До разговора с испанским посланником Александр Сергеевич познакомился с десятитомником «Мемуары Буриенна» личного секретаря Наполеона. То есть о государственном перевороте 18 брюмера (и о многом другом) он хорошо знал, но ему было интересно услышать о событиях недавнего прошлого из уст очевидца, особенно о таком, которое стало началом возвышения Наполеона[90].

Пушкин хорошо знал время, которое вошло в историю как эпоха Наполеона, особенно — события 1812 года. Характерен следующий случай. Как-то Н. Н. Раевский-младший привёл к Александру Сергеевичу своего приятеля, который жаждал поговорить с поэтом об Отечественной войне 1812 года. То есть сам Николай Николаевич, человек военный и участник этой войны, любопытство приятеля удовлетворить не смог.

Пушкин трепетно относился к священному для русских году. Одному из героев его — А. П. Ермолову он писал: «Обращаюсь к Вашему высокопревосходительству с просьбою о деле для меня важном. Знаю, что Вы неохотно решитесь её исполнить. Но Ваша слава принадлежит России, и Вы не вправе её утаивать. Если в праздные часы занялись Вы славными воспоминаниями и составили записки о своих войнах, то прошу Вас удостоить меня чести быть Вашим издателем.

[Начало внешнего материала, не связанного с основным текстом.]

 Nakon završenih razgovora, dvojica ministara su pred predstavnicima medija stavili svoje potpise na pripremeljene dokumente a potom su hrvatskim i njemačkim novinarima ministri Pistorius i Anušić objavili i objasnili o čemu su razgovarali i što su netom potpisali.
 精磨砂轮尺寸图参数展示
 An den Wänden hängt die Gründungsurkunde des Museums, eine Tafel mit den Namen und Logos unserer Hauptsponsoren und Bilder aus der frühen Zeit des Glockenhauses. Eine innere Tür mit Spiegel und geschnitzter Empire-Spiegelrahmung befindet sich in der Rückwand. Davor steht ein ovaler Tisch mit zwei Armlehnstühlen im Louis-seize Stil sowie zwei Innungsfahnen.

Если ж Ваше равнодушие не допустило Вас сие исполнить, то я прошу Вас дозволить мне быть Вашим историком, даровать мне краткие необходимейшие сведения» (10, 430).

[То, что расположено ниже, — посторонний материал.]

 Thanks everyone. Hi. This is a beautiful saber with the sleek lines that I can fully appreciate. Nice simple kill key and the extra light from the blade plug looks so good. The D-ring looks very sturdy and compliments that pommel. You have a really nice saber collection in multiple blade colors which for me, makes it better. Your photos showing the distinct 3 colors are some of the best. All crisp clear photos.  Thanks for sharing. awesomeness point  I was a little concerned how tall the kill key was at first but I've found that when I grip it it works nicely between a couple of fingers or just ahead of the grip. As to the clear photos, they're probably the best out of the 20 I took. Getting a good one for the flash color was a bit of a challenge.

Алексей Петрович воспоминания писал, но «не для печати». Тем не менее по рукам ходило три варианта его «Записок», весьма интересных, но во многом противоречивших официальной точке зрения на события Отечественной войны и задевавших отдельные личности. Ермолов засвидетельствовал готовность царя осенью 1811 года первым напасть на Наполеона. Бородино не было победой русской армии: «Неприятель одержал победу, не соответствующую его ожиданиям… После сражения при Бородине осталось одно наименование 2-й армии: войска присоединены к 1-й армии» (39, 197).

Москву сожгли сами русские, при этом в городе были оставлены более 22 тысяч раненых, которые большей частью сгорели. Весьма далёк был и образ Кутузова от сусального портрета, созданного отечественной историографией: «Прежняя предприимчивость, многократными опытами оправданная, дала место робкой осторожности. Легко неискусною лестию могли достигнуть его доверенности, столько же легко лишиться её действием сторонних внушений! Люди приближенные, короче изучившие его характер, могут даже направлять его волю. Отчего нередко происходило, что предприятия при самом начале их или уже проводимые в исполнение уничтожались новыми распоряжениями. Между окружавшими его, не свидетельствующими собою строгой разборчивости Кутузова, были лица с весьма посредственными способностями, но хитростию и происками делались надобными и получали значение. Интриги были бесконечные: пролазы возвышались быстро, полного их падения не замечаемо было» (39, 214).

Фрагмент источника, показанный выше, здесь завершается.